# Huffman Coding

As I have mentioned in a previous blog, it is very important to reduce as much as possible distractions (i.e., email, phone, texting) while at work and to dedicate a percentage (i.e., 10% to 15%) of your daily workday to learn something. On occasions I decide to learn a new technology (e.g., Spring). Sometimes I decide to spend time polishing on topics I know (e.g., Java) while sometimes I need to refresh concepts (e.g., Huffman Codes and Tries) that I learned in school but seldom use at work.

On a daily basis, I try to solve a problem / challenge on HackerRank. The challenges have nothing to do with work so they make me think outside of the box. I fully believe that many technical problems could better be solved by some upfront thinking and design that by just diving into them with the reduce toolset one uses every day. We are all familiar with the saying “When the only tool in your toolkit is a hammer, all your problems look like nails”.
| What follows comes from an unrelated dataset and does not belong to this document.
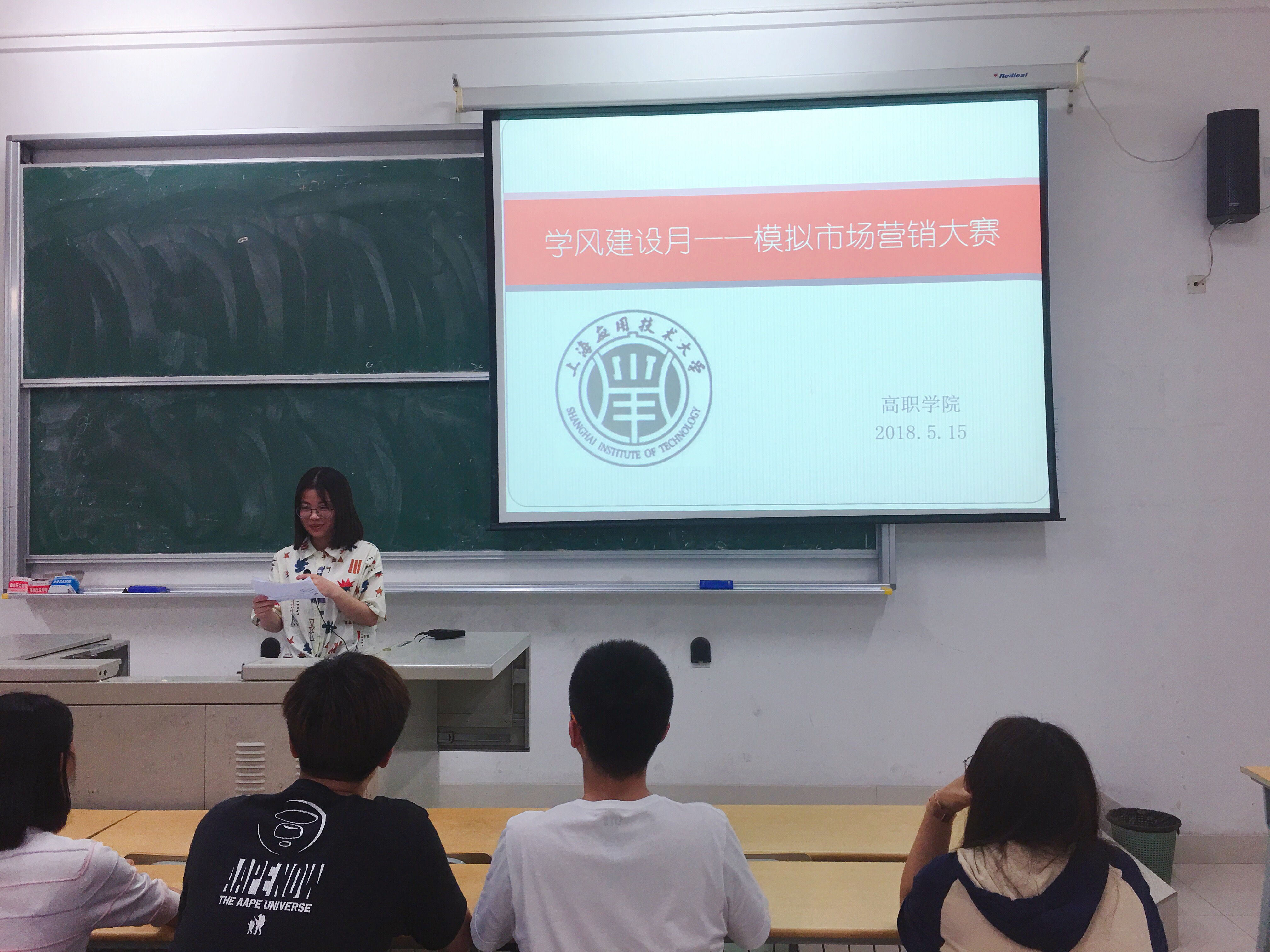近日,高职学院在奉贤校区召开举行模拟市场营销大赛。2017级商务管理班全体同学参加了此次大赛。商务管理专业主任施谊老师,学生会副主席徐加沪,学生会学管部部长薛瑾茹,16级商务管理班班长汪琦担任评委,大赛由学习委员徐俊蓉主持。

This morning I solved a challenge on HackerRank. A description of an implementation of a trie applied to Huffman coding was described. The challenge required to traverse the tree using a sting of ones and zeroes (i.e., “1001011”) and extract the associated string (i.e., “ABACA”). The original trie only had four nodes corresponding to letters A, B and C.

You could solve the challenge and mode to the next one, but I believe that one challenge a day is enough. The rest of the available time (10% to 15% of the workday) should be spent on understanding the background of the challenge. In this case it was Tries and Huffman codes.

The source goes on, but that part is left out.